Alecta has reported investment losses on both the defined contribution (DC) and the larger defined benefit (DB) sides of its portfolio in the third quarter of this year, saying market prices had fallen back due to the expectation that central banks would keep interest rates at high levels for longer than previously envisaged.
Total assets for Sweden’s largest pension fund – whose chair recently quit in the ongoing crisis over big losses on certain large investments – shrank to SEK1.19trn (€102bn) at the end of September from SEK1.21trn at the end of June, according to yesterday’s interim report.
The DC product Alecta Optimal Pension lost 2.8% between July and September, based on the 60%-equities profile, while the DB portfolio lost 2.0%, the new data showed.
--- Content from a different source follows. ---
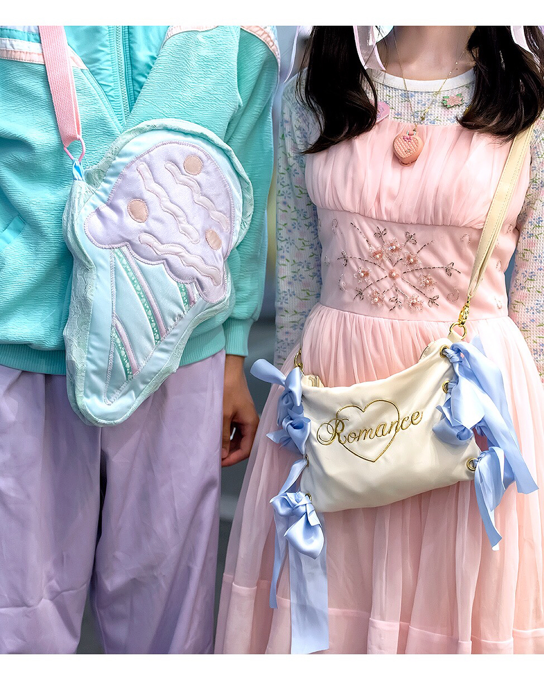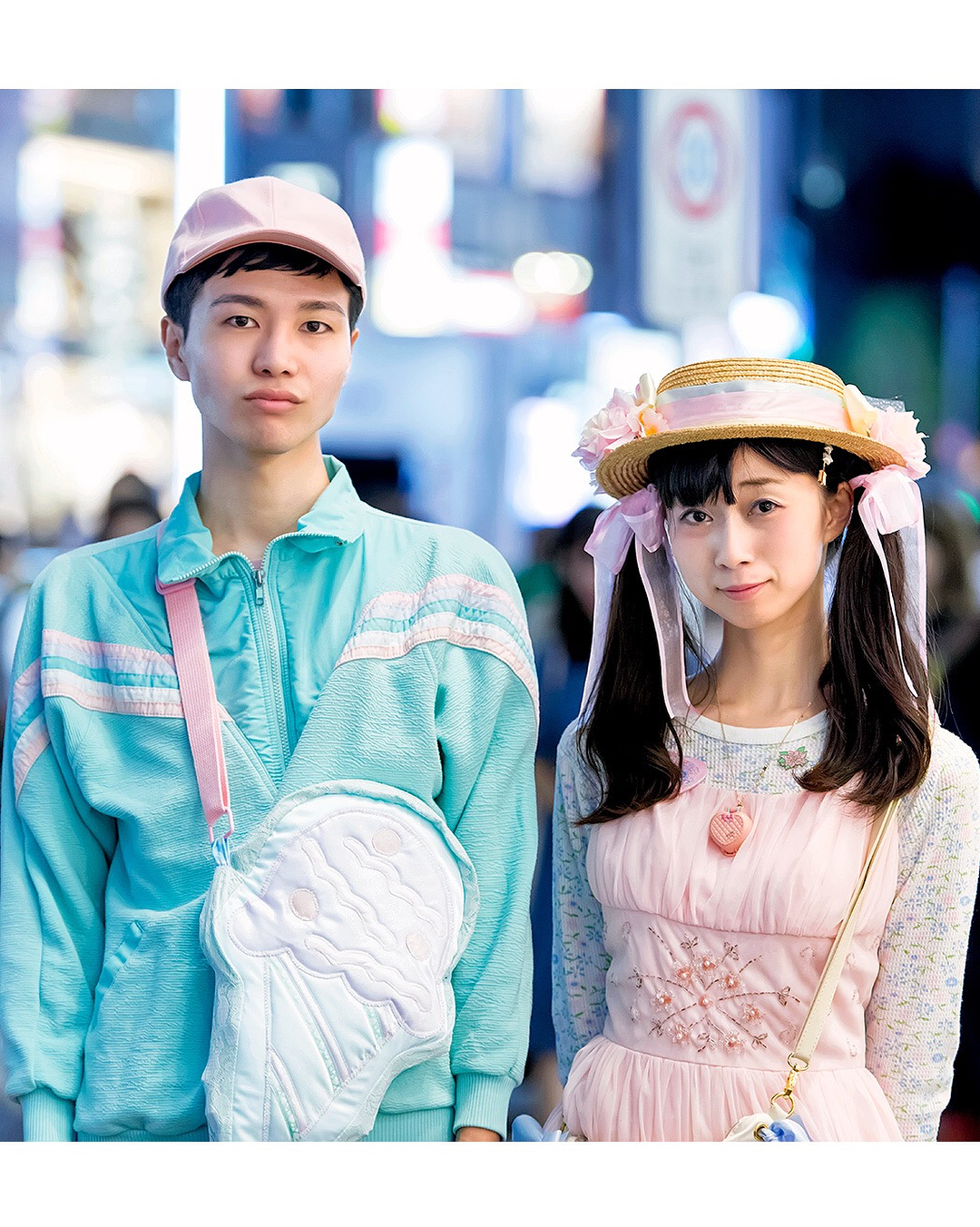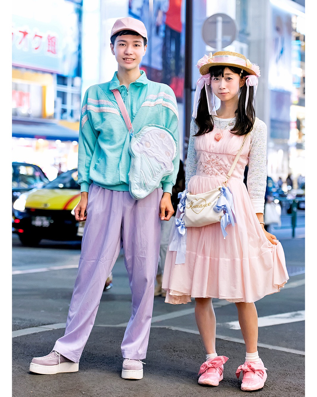 Japanese designers @Sumomo_Dream and @Dreamy_Rumy on the street in Harajuku wearing pastel fashion including items from Happy Birthday To You, Creamy Ice, Grimoire Almadel, Kiki, Swimmer, Dream Land, Polly Pocket, and Junk Show.
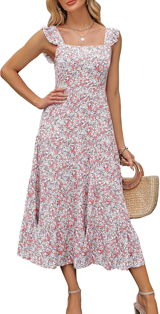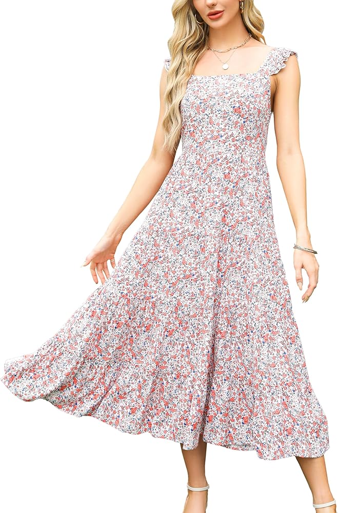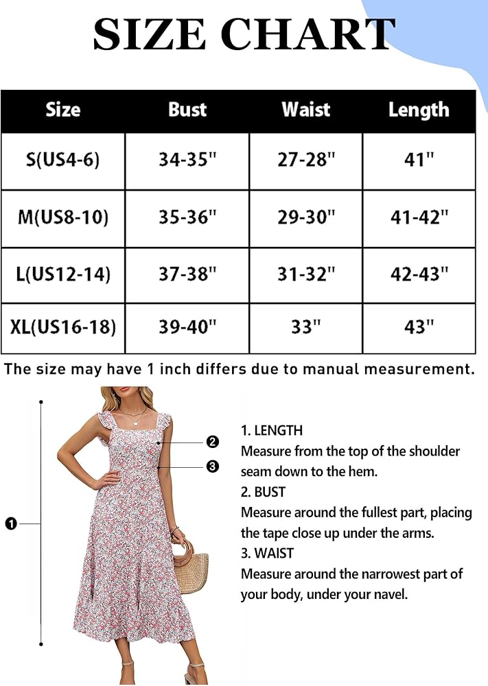 السمات: يتميز فستان الشمس هذا بطباعة زهور، ورقبة مربعة، وأكمام قصيرة مكشكشة، وطبقات ناعمة وانسيابية، وخصر مرن عالي، وتصميم مدخن قابل للتمدد. يمكن لهذا الفستان أن يضفي الأناقة والأنوثة والراحة على أي مناسبة بفضل طبعته الزهرية وتفاصيل الكشكشة والملاءمة الجذابة.

For the first nine months of the year, the returns for the two schemes were positive, however, at 3.4% and 2.2%, respectively.
Alecta commented on its investment markets in the third quarter, saying rapidly falling inflation and forecasts of weaker growth had meant that the Fed, ECB and Sweden’s Riksbank had all signaled that the interest-rate peak was close.
“Nevertheless, the central banks believe that inflation risks remain, so we can expect ‘higher for longer’ i.e. the key interest rate will remain high for a long time to come,” it said, adding that this realisation had – above all in the US – led to a sharp rise in long-term interest rates during the quarter.
Rising rates caused negative returns for Alecta’s bond holdings during the quarter, the occupational pension provider said, even though the yield from fixed income holdings has been weakly positive since the start of 2022, it added.
“The real estate sector is still negatively affected by the rising interest rates and, above all, the more indebted real estate companies that suffer from ever higher financing costs,” it said.
“The value development during the third quarter for Alecta’s properties has been marginally positive, but the development since the turn of the year has been negative,” it said.
However, the firm noted that valuations for a large part of its real estate holdings had not been updated for today’s quarterly report.